In reality, clever humans have found a way around this system using a botnet, which is a network of computers working together for evil purposes. The machines share lists of target servers and username-password pairs. They constantly update these shared lists to reflect the results of their individual access attempts. This results in a reducing list of username-passwords pairs, driven by the round robin of infrequent access attempts for each individual server.

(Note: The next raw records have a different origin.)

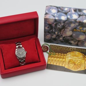 For sale is a 1999 Ladies Rolex Oyster Perpetual 31mm. The watch does not come with the original box or papers, so we complimentarily added genuine Rolex items. To be clear, these are not the exact items the watch was originally issued with in 1999, but they are from the same era. The watch itself is all original besides the crystal, which is an aftermarket sapphire crystal. The condition of the watch is good for its age; it carries some surface scratches and scuffs throughout the case, bezel, and bracelet. The sapphire crystal also has a couple of very small surface scuffs in the AR coating. We serviced the watch and are backing it with a 1-year warranty through our shop.
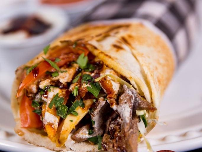 Feito no pão sírio, carne bovina e carne de frango, pasta de alho, salsinha picada com cebola, tomate, repolho, batata frita e molhos.
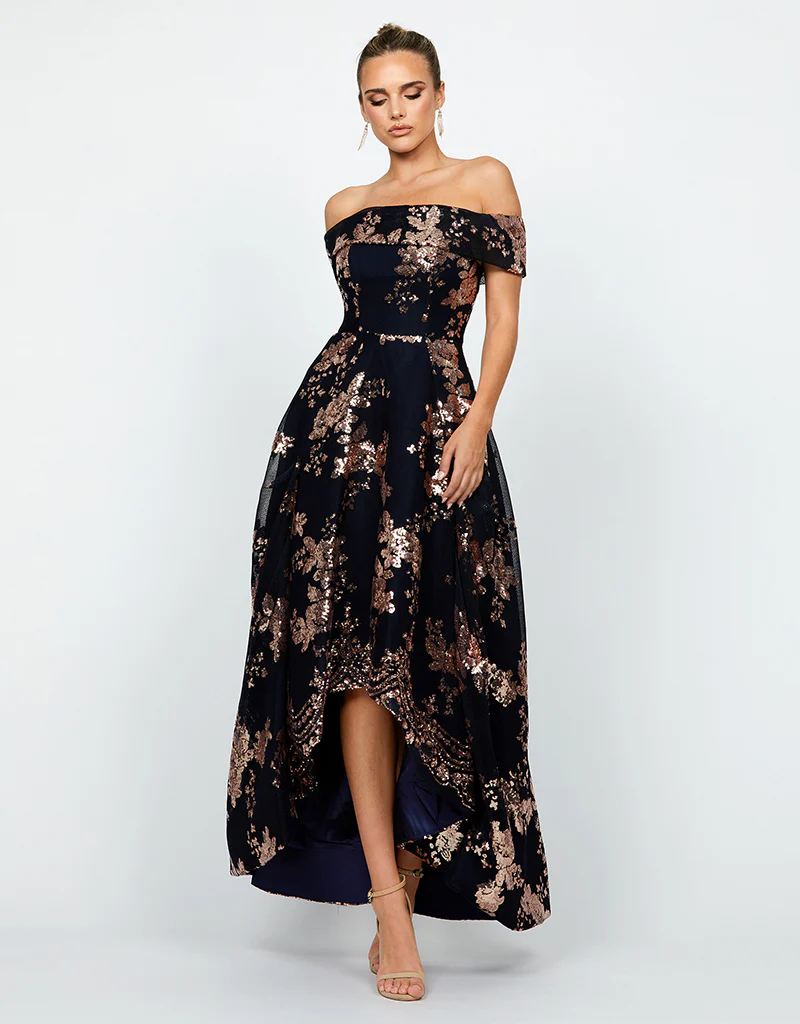 Our best-selling off-shoulder gown is a true showstopper, designed to turn heads with its elegant folded neckline and dramatic high-low skirt. The gathered skirt creates a flowing silhouette, while the fitted bust ensures a flattering shape. Lined for comfort and featuring built-in bust cups for support, this gown offers both style and structure. A concealed zipper at the back allows for a seamless finish, making it perfect for any formal occasion.Â
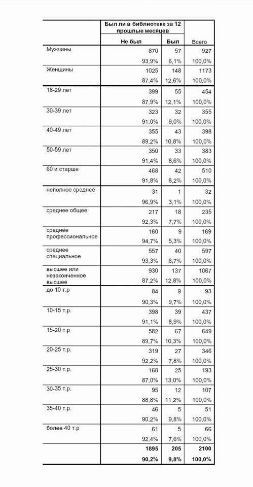 Немного запоздало отвечаю тем, кто думает, что в библиотеки ходят представители особой субкультуры, странной и загадочной, и на основании их вкусов нельзя сделать никаких выводов о вкусах всех остальны читателей. В приложении несколько таблиц со сравнениями посетителей и не-посетителей петербургской городской сети библиотек по стандартным демографическим параметрам и по литературным вкусам (опрос описан в статье в ЭкСоц). Как видно из них, отличия есть, но они ровно те же, которые отличают людей, вообще читающих художественную литературу, от… — Читать дальше
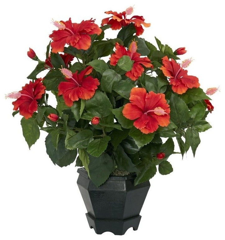 Hibiscus With Black Hexagon Vase Silk Plant
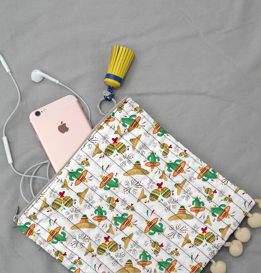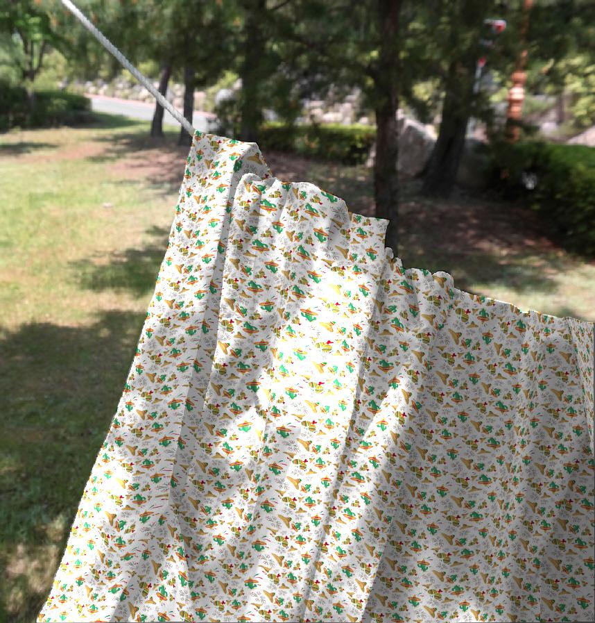 This pattern features traditional Mexican elements such as cacti, somabreros (hats), and colorful decorations. The design is reminiscent of festivals, events, and food associated with Mexican culture.
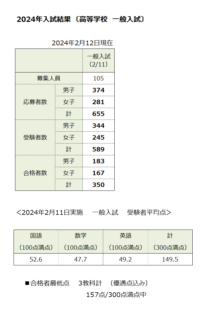 2024年高校一般入試結果 印刷用はこちら(PDF)
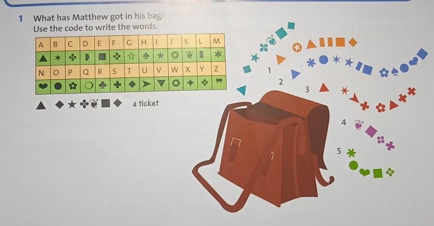 1 What has Matthew got in his bag? Use the code to write the words.

Botnet machines can number in the thousands and are usually recruited by malware apps and widgets. For example, your cell phone can conceivably belong to a botnet, spending its nights next to your bedside, hacking into servers as you sleep.

Lessons Learned

Most crucially, ensure that your devices with internet access are protected by individual, difficult-to-guess passwords. Use long phrases for passwords you need to remember like ‘Beam me up Scottie’. Use a password generator service (like LastPass - https://www.lastpass.com/password-generator ) to make up and remember impossible to guess passwords. We use 20-character generated passwords that I hope no one will ever have to type. Here is an example ‘^Wg*K#PbMD^q^8F2CKu*’.

Also, make sure that your remote desktop settings are configured to allow for only a few incorrect login attempts before shutting down access attempts from that IP for at least 30 minutes or more.

Good luck it’s a war zone out there.